The vast majority of the complaints that I hear from development teams about standups is that they last too long. And that immediately triggers a suspicion in my mind that they’re simply not doing them right — or that their teams are too big to effectively work in a Scrum-based environment. A standup should literally last no more than 15 minutes — that’s roughly 2-3 minutes per person on a team of between five and nine people (the recommended min and max for Scrum teams). Any standup that lasts longer than that isn’t really a standup — it’s a status meeting. We focus on the three key questions in our standups for a reason — and put any other topics for discussion on a parking lot to deal with after the standup:
- “What did you do yesterday?” is our check to ensure that our scrum board reflects reality, and to open the door for what’s likely to go into code review or need some QA eyes today.
- “What are you doing today?” is our opportunity to let the team know what’s coming up during the day and offer their help or consideration on the work to be done.
- “Do you have any blockers?” is the most important question, as it’s the cue for the Scrum Master to take action and remove blockers, shift the plan, or otherwise manage around the blocking issue.
If you’re talking about anything other than these three questions, it’s no wonder your standup lasts a half hour, and that people are disconnecting ten minutes in. Take discussions to a “parking lot” and keep only the team members needed to discuss after the standup — let everyone else go. You’ll be surprised, eventually, that the whole team will stick around and be highly engaged on these topics if you’re doing it right.
Who Are the Team Members Looking At?
One of the key takeaways from Dave’s presentation was that we often focus on the wrong things when we’re assessing how well our standups are performing — we focus on whether we’re answering the three questions, whether we’re going over time, or whether we’re identifying blocking issues before they threaten the sprint commitment. But Dave posited a far more important measure of whether we’re really having good standups or not — when a team member is giving their update, check to see who they’re looking at. If the team member is engaging with other members of the team, loooking around and making eye contact with other members who might need information or who could provide assistance, then you’re doing the standup right. If, however, each team member in turn looks at the scrum master and their notes, and gives a rote recitation of their answers to the “three questions” then there’s a good chance that you’re doing it wrong. Standups are not about the scrum master collecting updates — that’s a secondary function that naturally falls out from the primary goal. The primary goal of a standup is that the team members are engaging with each other, creating a supportive and collaborative environment so that they can all meet their team’s sprint commitment. Scrum teams are not comprised of individuals who all work on their own things and then come together every day for updates — they’re supposed to be collaborative environments where everyone is working together toward the same goal! If your standup doesn’t represent this view, it’s time to take a second look.
Standups Are an “Invitation to Collaborate!”

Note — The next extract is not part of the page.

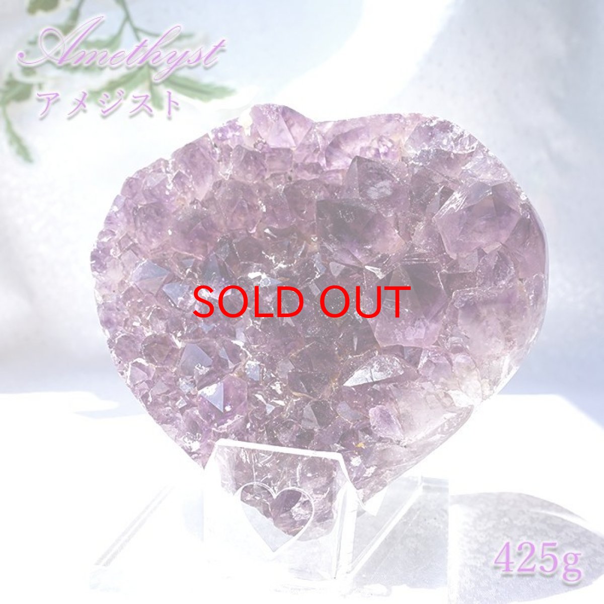 【20%OFFセール】 アメジストハートクラスター 425g ブラジル産 台付き amethyst 原石 2月誕生石 クラスター 天然石 紫水晶 風水 置物 浄化 パワーストーン カラーストーン [24010000007602104013]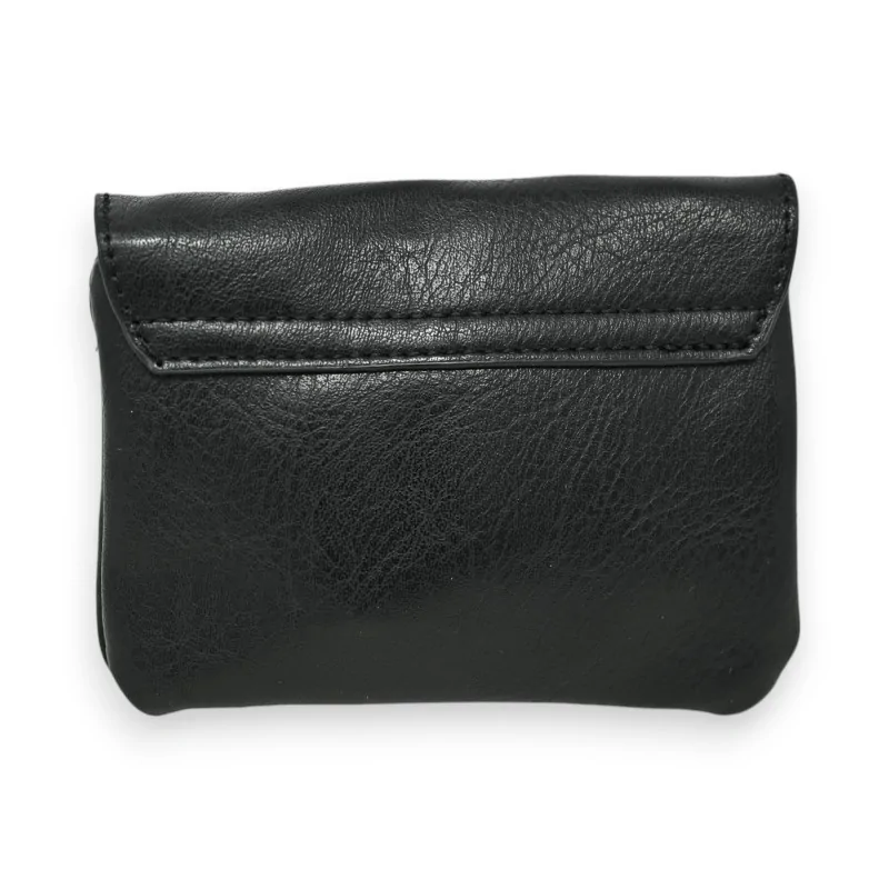 El monedero Mandoline de sintético negro combina estilo y funcionalidad. Su diseño compacto de 14x11cm incorpora un cierre de solapa magnético para un cierre seguro. La parte delantera está adornada con pequeños tachuelas decorativas que aportan un toque de elegancia. Sus múltiples compartimentos, incluido un pequeño bolsillo en el frente y un bolsillo con cremallera más grande, ofrecen un almacenamiento óptimo para sus artículos esenciales diarios. Combinando practicidad y estética, este monedero Mandoline se convertirá rápidamente en su accesorio indispensable.

All of these points boil down to one simple mantra — standups are not supposed to be rote recitation status reports; we can get those in so many other ways that are far more effective and less intrusive. Rather, standups should be an “invitation to collaborate” amongst the team members. If someone is working on a user story that another person knows certain architectural details about, that person should offer to help. If someone is struggling with a bug that another person thinks is related to work they’ve done before, that person should offer to help. As a story is nearing completion, QA should offer to sit down with the developer to see if they can proactively find any issues with the code or user behavior. When we treat standups as just another status update, and solely focus on whether we’re answering the “three questions”, we’re missing the most important component of Scrum as an Agile practice — engagement within the team as they work together to reach their commitment!